23 During the two years he attended the Spokane ITT program, claimant missed only one and a half days of classes. He graduated in September 1995, with a 3.7 grade point average. (Id. at 6-7.)

24 Upon graduating from the Spokane ITT program, claimant enrolled at another ITT school in Utah and pursued a program leading to a degree of bachelor of science of applied science. Claimant graduated in September 1996, with a perfect 4.0 grade point average. He had a perfect attendance record. (Id. at 9.)

Job Search and Job Offers

25 Since his graduation from Utah ITT, claimant has not sought employment. However, in April 1997, claimant's father forwarded a resume for his son to a computer company located near where claimant lives. The company contacted claimant and offered him a job paying $30,000 annually. Claimant rejected the offer. He testified that he did not believe he could work full time.

Further Medical

26 Claimant has been examined and evaluated by a multitude of physicians.
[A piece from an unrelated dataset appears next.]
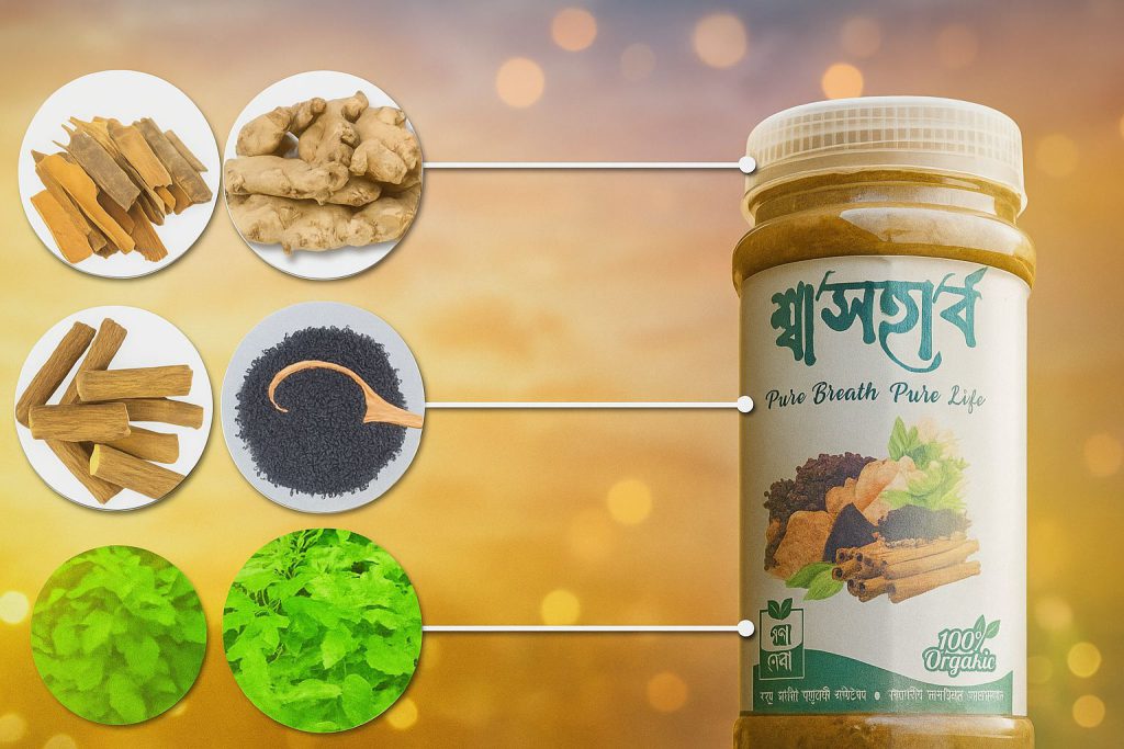 শ্বাসহার্বে ব্যবহার করা হয়েছে আদা, তুলসী, কালোজিরা, যষ্টিমধু এবং অন্যান্য প্রাকৃতিক উপাদান, যা আপনাকে দেয় পরিপূর্ণ আরাম এবং সুস্থতা।

Itemizing each and every examination and evaluation would be a dreary and fruitless exercise. Discussion of medical opinions is therefore limited to the major, significant evaluations.
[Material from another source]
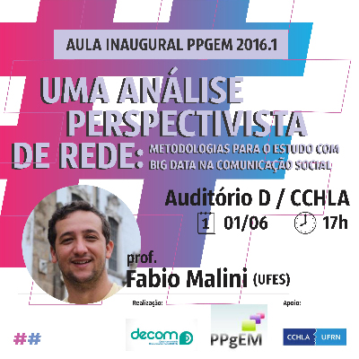No dia 1º de junho, será realizada na Universidade Federal do Rio Grande do Norte a aula inaugural do Programa de Pós-Graduação em Ciências Sociais. O professor Fabio Malini, da Universidade Federal do Espírito Santo, falará sobre “Uma análise perspectivista de rede: metodologias para o estudo com big data na comunicação social”.
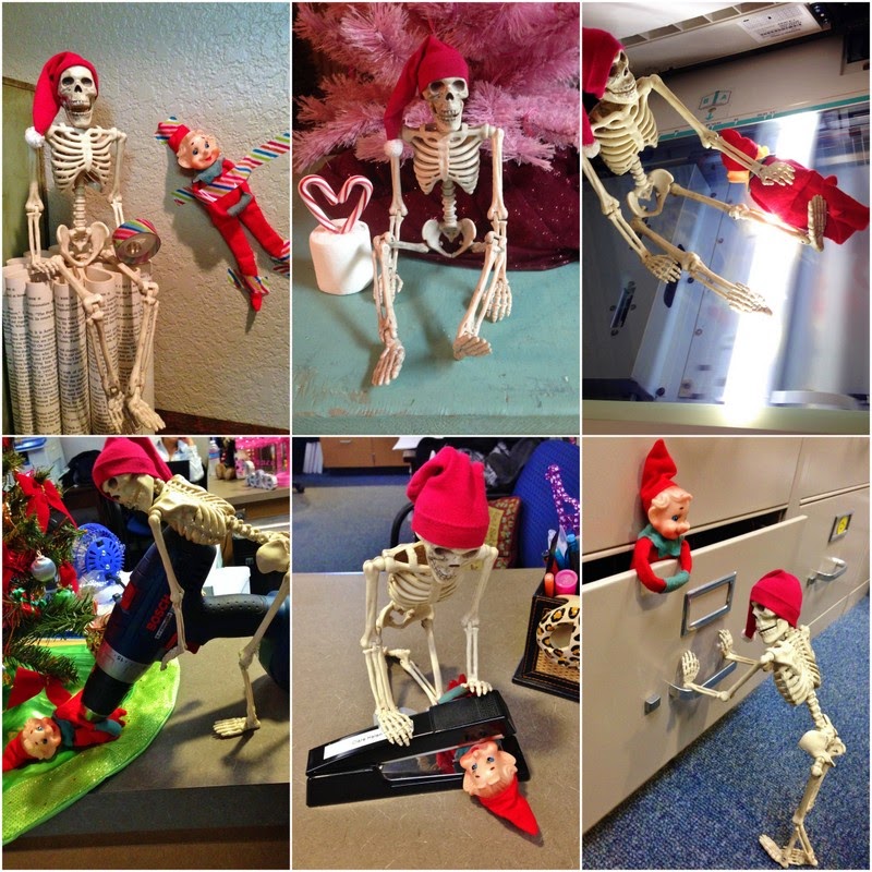 I think my orthopedists office staff would get a real kick out of these shenanigans. They had all his bony body part models out for Halloween and one of these little skeletons to greet you at the front door. Of course, when I broke my foot and he wanted to show me on the model they had to look all over the place for it. Your elf is very good-natured to play along with the skeleton!

27 Dr. Davis, who practices in Kalispell, was claimant's treating physician until December 1995. (Ex. 11.)

28 Claimant began attending ITT in Spokane in September 1993, and thereafter saw numerous Spokane physicians, including Dr. Timothy M. Chestnut. Dr. Chestnut specializes in internal medicine, critical care and sleep disorders. (Ex. 3.) In March 1995 Dr. Chestnut tested claimant's exercise tolerance. In a September 13, 1995 letter to the Social Security Administration, and based on claimant's test results, he summarized his medical opinions, as follows:

1. You have an exercise limitation that is moderately severe

2. There is no lung or pulmonary limitation to exercise

3. There is a definite cardiac or heart limitation to exercise

4. Your exercise tolerance and ability to tolerate sedentary or more modest work should improve gradually with retraining; however, as you and I discussed, this will be an extended time frame. Although I think you would be able to tolerate school at this time, I do not think that full-time work is a viable option and would strongly advise against that given the results of this test.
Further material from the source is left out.